Data section:
--------------------

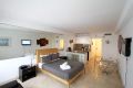 The living area is composed by a queen bed size, a futon sofa that easily can be used as a bed. The bathroom has been redone and show an elegant taste with marble, head shower and luxury finishes. From the unit you can see partially the ocean since the building is located right on the beach.
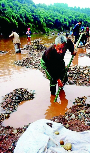 一个多月前,贾连平开始到洗猪滩捡挖河石,断断续续,挖了100多斤回家。贾连平说,起初自己只是因为觉得好看,想去捡来收藏,转机发生在12日,一位来自重庆的收石人来到镇上,找她买了20多斤石头。“他们从11点挑到下午3点左右,100多斤就挑了20多斤,按照200元每斤的价格,卖了4000多元。”
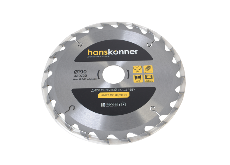 Пильный диск по дереву 190x30мм, 24 зубьев, Hanskonner
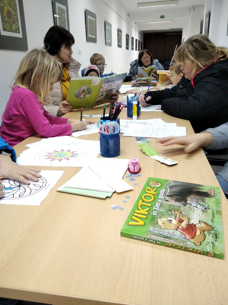 Prebrali smo pravljico z naslovom Zajčkov bralni krožek, ki govori o zajčku, ki je imel zelo rad knjige in je skrivaj hodil v knjižnico. Potem pa smo z otroci ustvarjali kazalke za knjige, jih polepili z majhnimi zlatimi in modrimi snežinkami ter barvali zimske pobarvanke in mandale. Skupaj smo preživeli prijetno urico ob druženju, ustvarjanju in pogovoru o različnih temah: preživljanju novega leta, kuhanju in drugih zanimivostih.
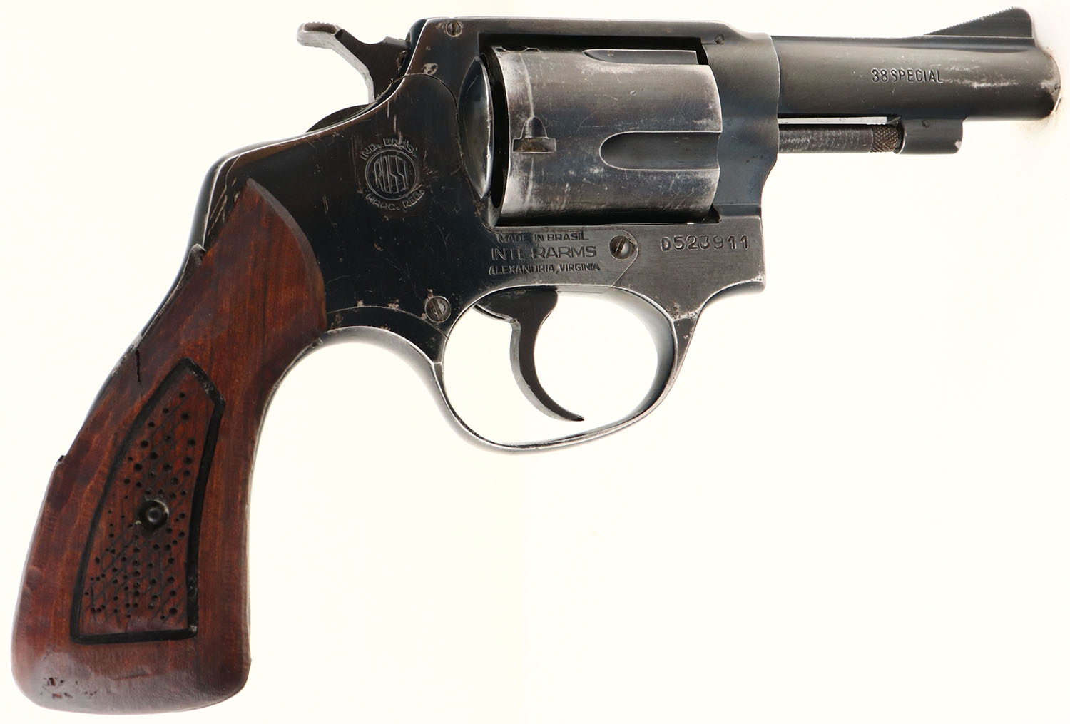 Rossi - Interarms, Model 68, CAL: 38 SPL, MFG: 1978-85, SN: D523911, Double Action Revolver, 3'' barrel. The non-professionally hand carved wood grips are good & solid, but have the carving marks & a couple of small hairline cracks. The metal blue finish rates 70% overall, with most of the loss on the cylinder. Bore is very good & bright. Factory sights. Appears to function properly. FFL Req - Value: 100 to 300
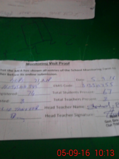 | Attendance Register | Head Teacher | MEA with School | Visit Proof |
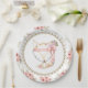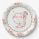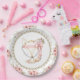 Pratos de papel para chá de bebê de raposa com adorável raposa bebê menina em um lindo fundo floral rosa e dourado. Estes adoráveis pratos de papel para chá de bebê de raposa menina são facilmente personalizados com texto.
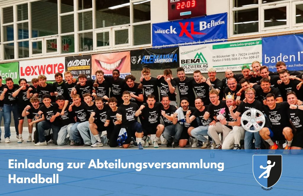 Liebe Mitglieder der Handballabteilung, hiermit ergeht die förmliche Einladung zur Abteilungsversammlung am Montag, den 23. Juni 2025, 19:00 Uhr in der Vereinsgaststätte „Im Hinterkirch“/Saal Tangoclub Hinterkirchstr. 21, 79108 Freiburg. Tagesordnung: Eröffnung durch Abteilungsleitung Gedenken der Verstorbenen Wahl des Protokollführers-/ führerin Verlesung bzw. Auslage des Protokolls 2024 Geschäftsbericht der Abteilungsleitung Geschäftsbericht des Kassenwartes […]
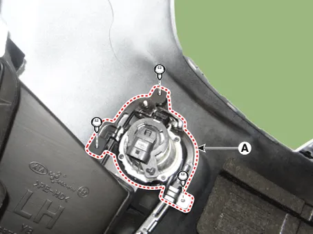 Remove the front fog lamp assembly (A) after loosening the mounting screws.
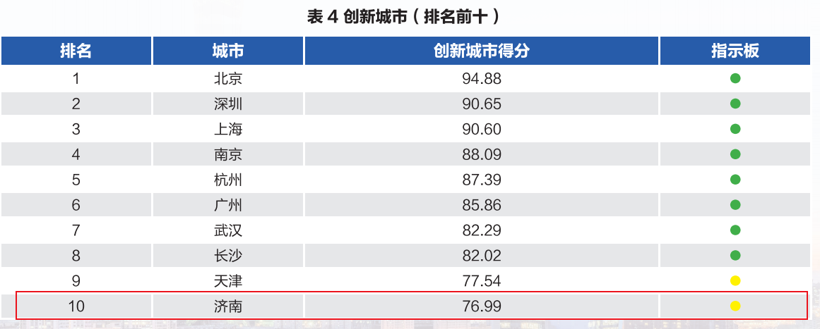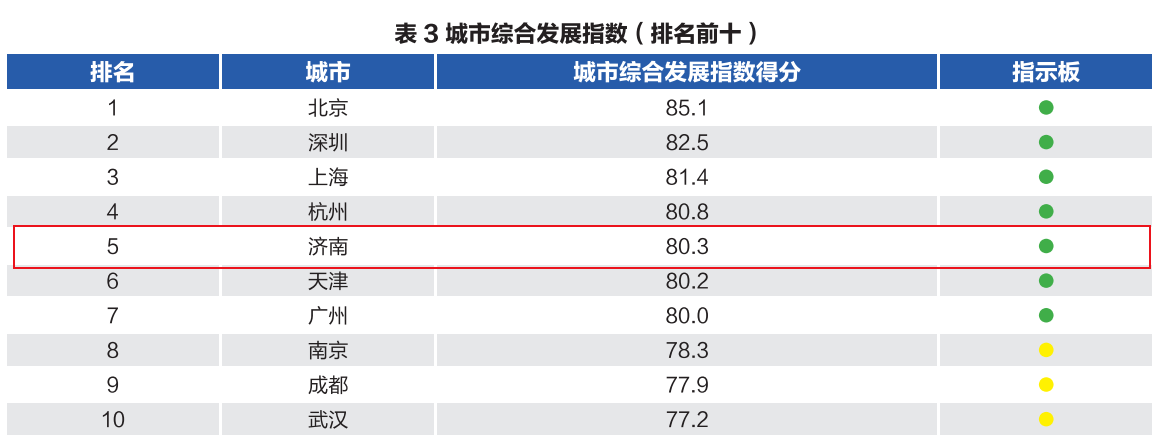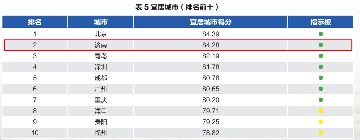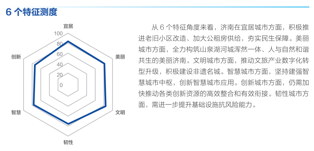 《報(bào)告》從創(chuàng)新城市、宜居城市、美麗城市、韌性城市、文明城市、智慧城市等6個(gè)維度展開(kāi)評(píng)價(jià)。濟(jì)南在創(chuàng)新、宜居、韌性、文明、智慧等5個(gè)維度中排名前十,其中,在“宜居城市”中排名第二,在“創(chuàng)新城市”中排名第十,在“韌性城市”中排名第六,在“文明城市”中位列第八,在“智慧城市”中排名第九。
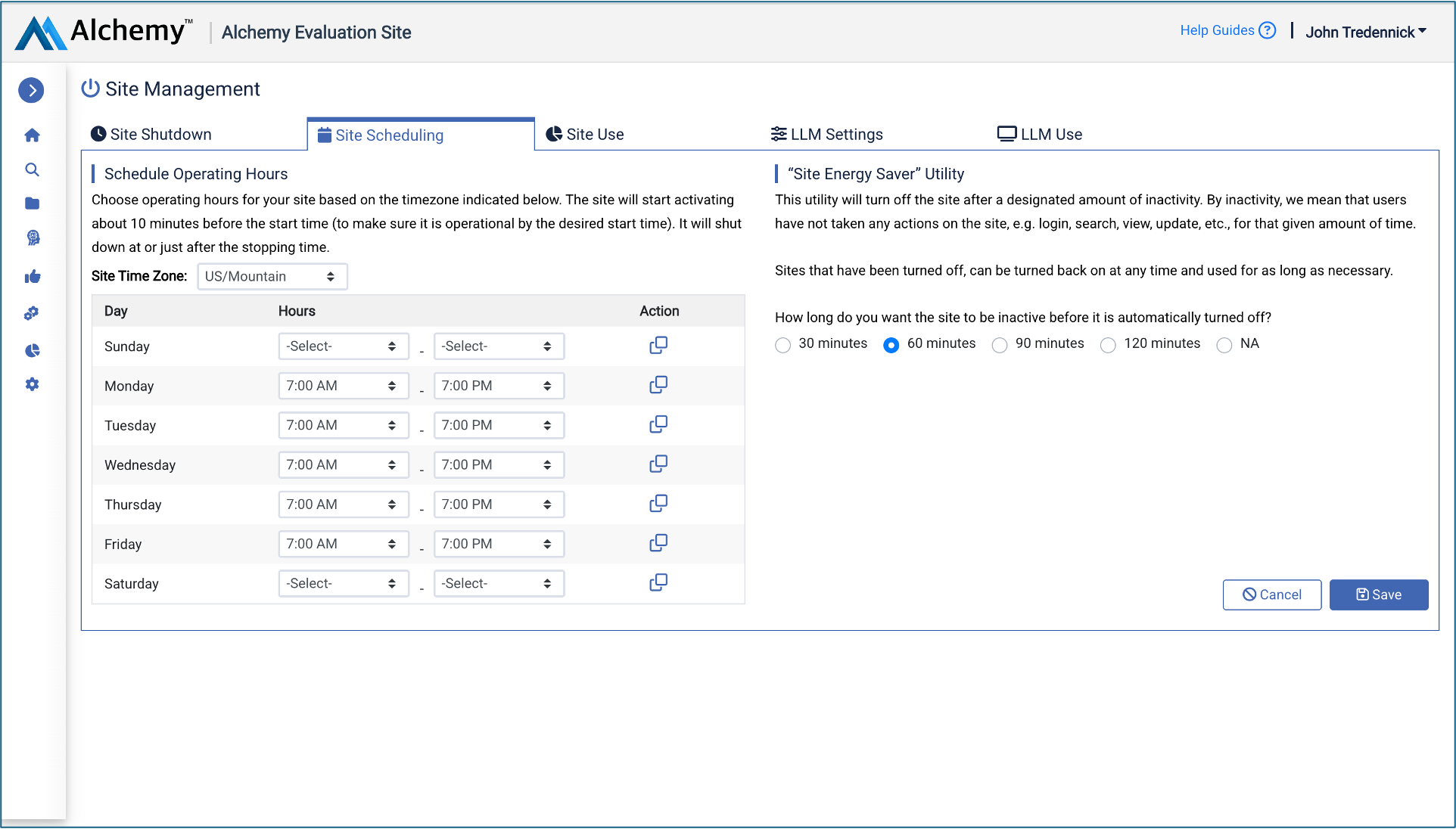 - Control costs through flexible scheduling – set operating hours or turn sites off manually
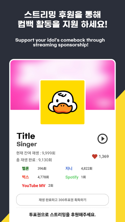 流媒体打榜助力:粉丝投票可转化为Spotify、Melon等平台流媒体播放量,直接冲击音乐榜单,助力偶像作品成绩飙升!
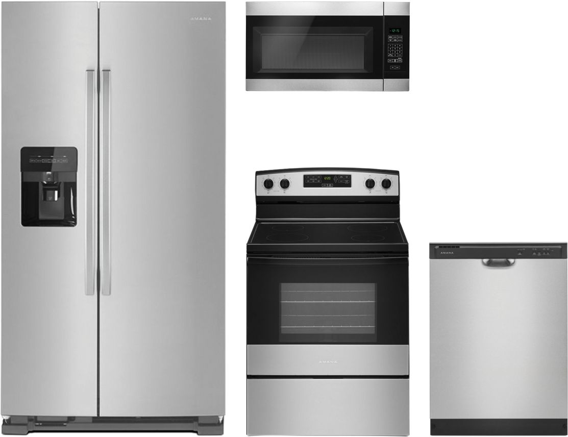 Amana® 4 Piece Stainless Steel Kitchen Package with a Side-By-Side Refrigerator, Built In Dishwasher, Freestanding Electric Range, and Over The Range MicrowaveRead More
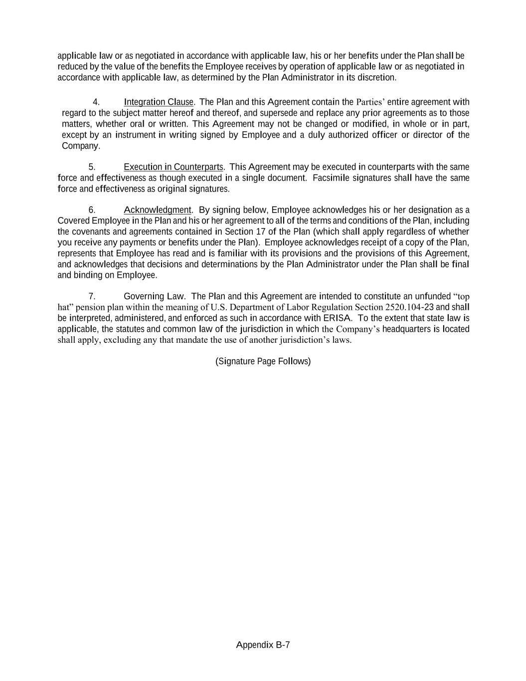 Appendix B-7 applicable law or as negotiated in accordance with applicable law, his or her benefits under the Plan shall be reduced by the value of the benefits the Employee receives by operation of applicable law or as negotiated in accordance with applicable law, as determined by the Plan Administrator in its discretion. 4. Integration Clause. The Plan and this Agreement contain the Parties’ entire agreement with regard to the subject matter hereof and thereof, and supersede and replace any prior agreements as to those matters, whether oral or written. This Agreement may not be changed or modified, in whole or in part, except by an instrument in writing signed by Employee and a duly authorized officer or director of the Company. 5. Execution in Counterparts. This Agreement may be executed in counterparts with the same force and effectiveness as though executed in a single document. Facsimile signatures shall have the same force and effectiveness as original signatures. 6. Acknowledgment. By signing below, Employee acknowledges his or her designation as a Covered Employee in the Plan and his or her agreement to all of the terms and conditions of the Plan, including the covenants and agreements contained in Section 17 of the Plan (which shall apply regardless of whether you receive any payments or benefits under the Plan). Employee acknowledges receipt of a copy of the Plan, represents that Employee has read and is familiar with its provisions and the provisions of this Agreement, and acknowledges that decisions and determinations by the Plan Administrator under the Plan shall be final and binding on Employee. 7. Governing Law. The Plan and this Agreement are intended to constitute an unfunded “top hat” pension plan within the meaning of U.S. Department of Labor Regulation Section 2520.104-23 and shall be interpreted, administered, and enforced as such in accordance with ERISA. To the extent that state law is applicable, the statutes and common law of the jurisdiction in which the Company’s headquarters is located shall apply, excluding any that mandate the use of another jurisdiction’s laws. (Signature Page Follows)
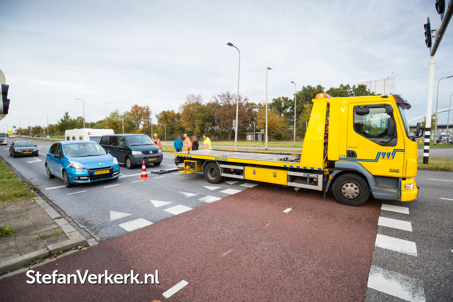 Auto's botsen tegen stempel kraan op N50 bij Kampen

--------------------

Task instructions:
The stretch to restate runs from the line above containing "Rossi - Interarms, Model" through the line containing "Liebe Mitglieder der". Copy it word for word, ends included, without pictures.

Task solution:
 Rossi - Interarms, Model 68, CAL: 38 SPL, MFG: 1978-85, SN: D523911, Double Action Revolver, 3'' barrel. The non-professionally hand carved wood grips are good & solid, but have the carving marks & a couple of small hairline cracks. The metal blue finish rates 70% overall, with most of the loss on the cylinder. Bore is very good & bright. Factory sights. Appears to function properly. FFL Req - Value: 100 to 300
 | Attendance Register | Head Teacher | MEA with School | Visit Proof |
 Pratos de papel para chá de bebê de raposa com adorável raposa bebê menina em um lindo fundo floral rosa e dourado. Estes adoráveis pratos de papel para chá de bebê de raposa menina são facilmente personalizados com texto.
 Liebe Mitglieder der Handballabteilung, hiermit ergeht die förmliche Einladung zur Abteilungsversammlung am Montag, den 23. Juni 2025, 19:00 Uhr in der Vereinsgaststätte „Im Hinterkirch“/Saal Tangoclub Hinterkirchstr. 21, 79108 Freiburg. Tagesordnung: Eröffnung durch Abteilungsleitung Gedenken der Verstorbenen Wahl des Protokollführers-/ führerin Verlesung bzw. Auslage des Protokolls 2024 Geschäftsbericht der Abteilungsleitung Geschäftsbericht des Kassenwartes […]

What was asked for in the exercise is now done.